Everything she says and does is in effort to reform her government, allow her children options in their future, and make sure school isn’t ridiculously boring.

“Mom Wants to Make the World a Better Place for Her Children”. It’s a universal theme, so why isn’t it more prevalent in what we read and watch?

Why have young mothers, middle-aged women, and even grandmothers not been the movers and drivers of a plot? They are when they’re in a family, and everyone knows it. And I don’t mean in a snarky, antagonistic way; enough of evil step-mothers.

I have friends who see themselves as primarily mothers, but are also involved in politics, providing aid for abused women and children, volunteering to preserve the environment, fighting pornography, promoting families, helping their schools, and improving the health and finances of those in need.

Maybe writers and Hollywood don’t see that as exciting as clichéd “Save the World” themes, but these women really are saving the world, more than any fictional superhero will.

I’d love to see more thoughtful mothers, experienced grandmothers, and confident women playing bigger roles in the narratives of the world, because they do that everywhere else.

Terry Pratchett gets close at times, with his witches who aren’t evil but keep the balance in the world, and in their villages. Nanny Ogg, who has more than a dozen children and oodles of grandchildren, is occasionally a major player in the witches books, but even then, Granny Weatherwax, who was never a mother, prevails as the main protagonist.

Mahrree Peto Shin isn’t a character I created, as I erroneous stated earlier; she manifested herself to me through one shocking, powerful image that I won’t reveal entirely here, because it happens in book 8 which will come out in probably another 3-4 years. (Book 5 will be out before this summer.)
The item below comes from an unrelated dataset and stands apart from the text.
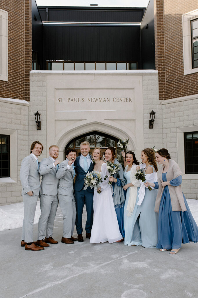 Susanna & Sawyer were married at St. Paul’s Newman Center in Fargo, North Dakota. Every piece of Susanna’s wedding wardrobe, from her flowers and veil to her dress was handmade by her mom! Susanna and Sawyer’s recepetion was also at the Newman Center with games, epic entrances, and an audio guestbook!
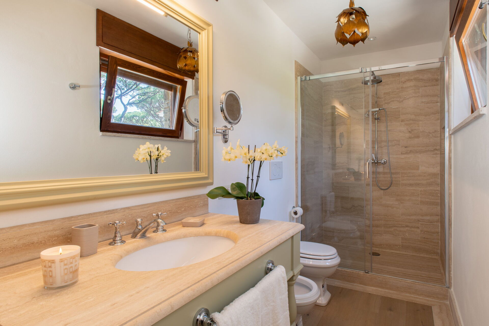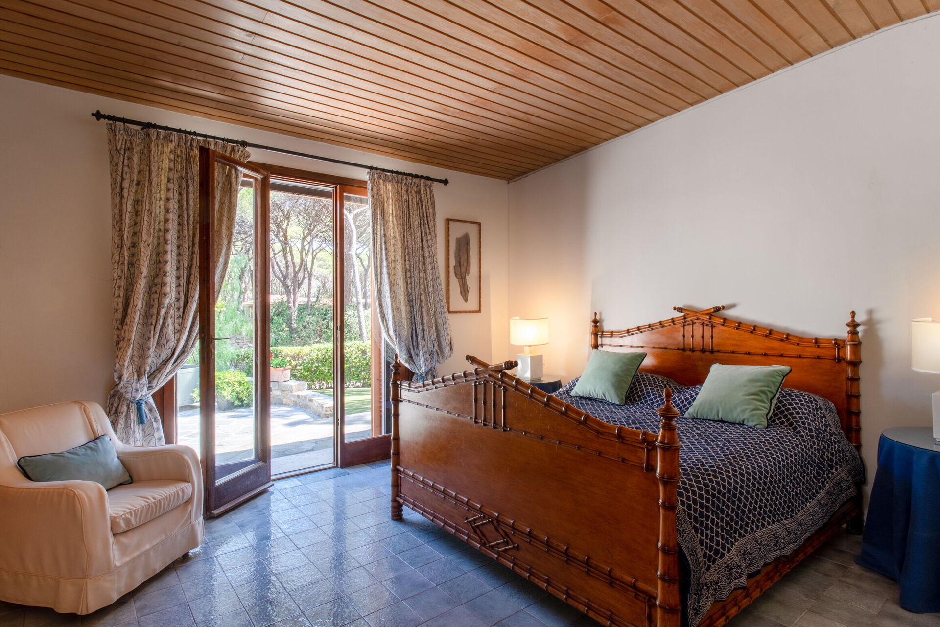 Bedroom + Ensuite Bathroom 5: king size bed, WIFI internet, air conditioning, mosquito net, armchair, working desk, double basin, toilet, bidet, shower, hairdryer, exit to the garden.

But that image—of a woman facing an enormous threat, alone—riveted me. I wondered for months how she came to that position, and she slowly revealed her story to me, until I had enough to begin writing it.

(As an aside, I’m not psychotic; lots of writers have had this experience of characters demanding that they write their story. I can see how the ancient Greeks believed they had muses speaking to them, and my daughter gave me a mug which reads, “Writer’s Block: when your imaginary friends refuse to talk to you.” It’s true, you know.)
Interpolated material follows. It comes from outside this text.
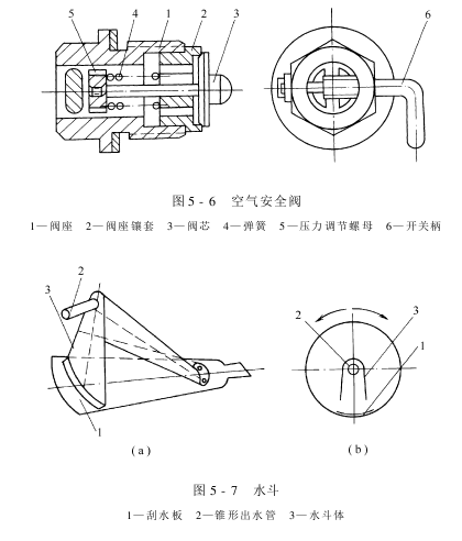水斗结构如图5-7(a),其工作原理如图5-7(b)。水斗用2~3mm紫铜板焊接制成,用于排除烘筒内的冷凝水。刮水板焊接在筒体的内壁上,与水斗体连接的锥形出水器插入法兰空心轴(图5-5)的中心孔。在烘筒转速较低的情况下,冷凝水因自身重量而集中在烘筒的下部。
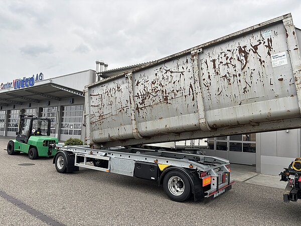 Der neue Müller-Mitteltal Zweiachs-Anhänger für Rollbehälter RA -T 18.0 ist da – Stark, vielseitig und bereit für jede Herausforderung! Ausgestattet mit Aussenrollbahn, Verriegelung und Feuerverzinktem Fahrgestell ein echtes Multitalent für den Transport von Abrollmulden.

The “Forest at the Edge” series isn’t wholly about Mahrree, but about her family. She plays a major role in that family, and all the trouble she causes is primarily because she’s a worried mother.
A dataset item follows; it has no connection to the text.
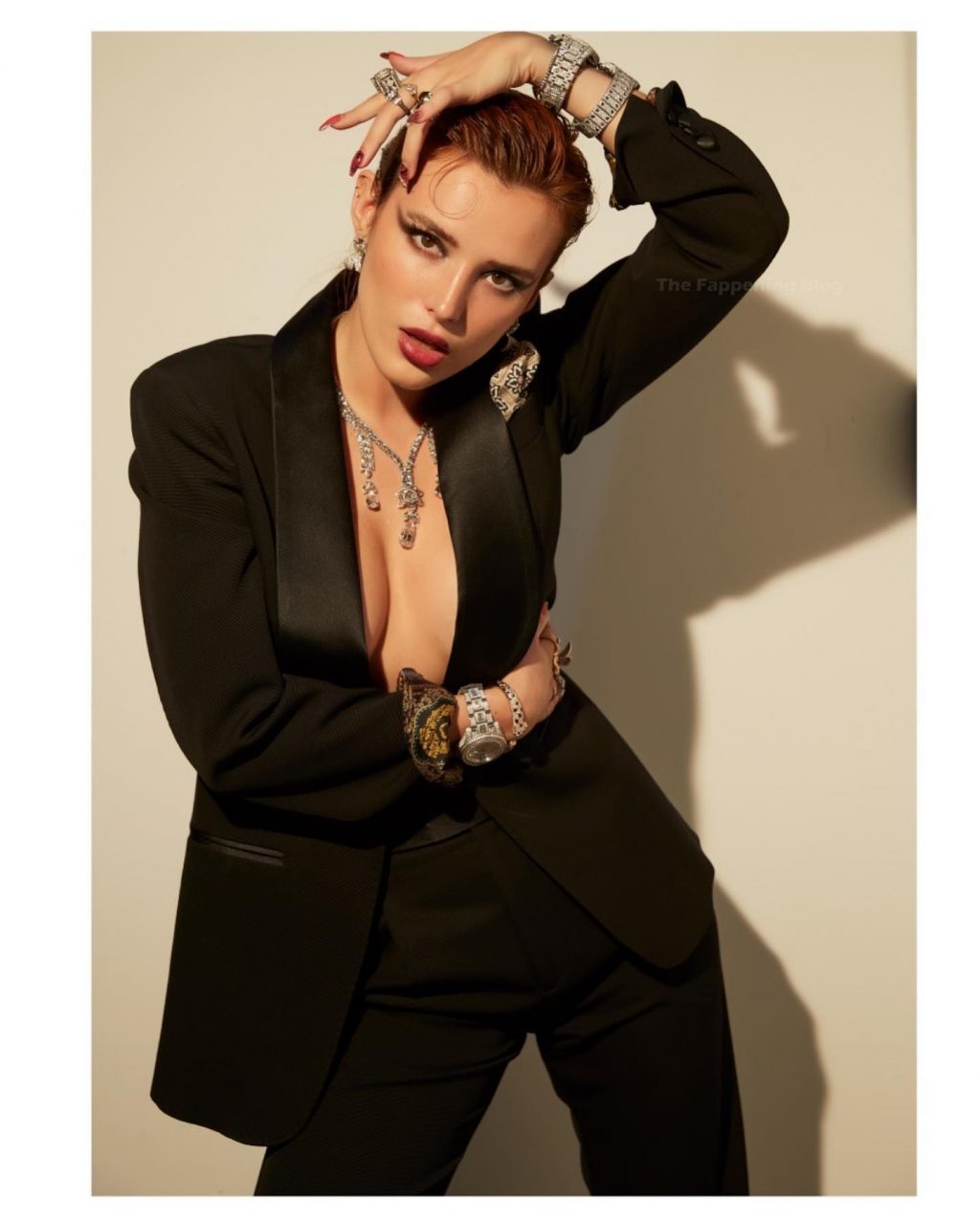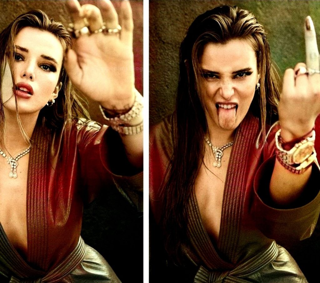 A estrela do Fappening Bella Thorne posa sem sutiã e quase topless, mostrando seus seios e exibindo a silhueta em roupas sensuais em um ensaio fotográfico de Max Abadian para a revista Grazia (2020).

The mother-perspective is powerful, more so than the perspective of a president, or a general, or a king, or any other hero. Those characters may lead countries or armies, but I doubt they could ever genuinely love them as much as a mother loves her children. References comparing mothers to bears and their cubs aren’t accidental.

Imagine Harry Potter being told from the perspective of Molly Weasley, who had seven children in peril, along with Harry who she tried to mother.

Image result for molly weasley

Or Hunger Games, from the perspective of President Coin, who lost her child.

Or even “Brave,” from the perspective Queen Elinor, who tries to help her daughter find a husband, then has to be saved from her unintentionally turning her into a bear. 

How engrossing, heart-breaking, and hopeful would these perspectives be?

Maybe . . . maybe they’d be too much.

Too close to reality. Too gut-wrenching.

Maybe that’s why it’s rare to find a mother-perspective in literature, because all of us have mothers, most of us appreciate them, and deep down we’re worried about what they’re really thinking.

Maybe many of us are still suffering from Bambi’s Mother Syndrome, the idea of losing mother, or seeing things from her perspective, which may be too intense. (Although Disney loves to make children miserable with mother-loss. No adult movie franchise kills off mothers as much as Disney.)

As moms, I think we frequently have a hard time facing our greatest fears for our families and their future.

But I think it’s time we tried. I submit there isn’t a stronger force in nature or in humanity than that of a mother trying to protect and provide for her children.

What fantastic stories that premise could ignite! Let’s see them!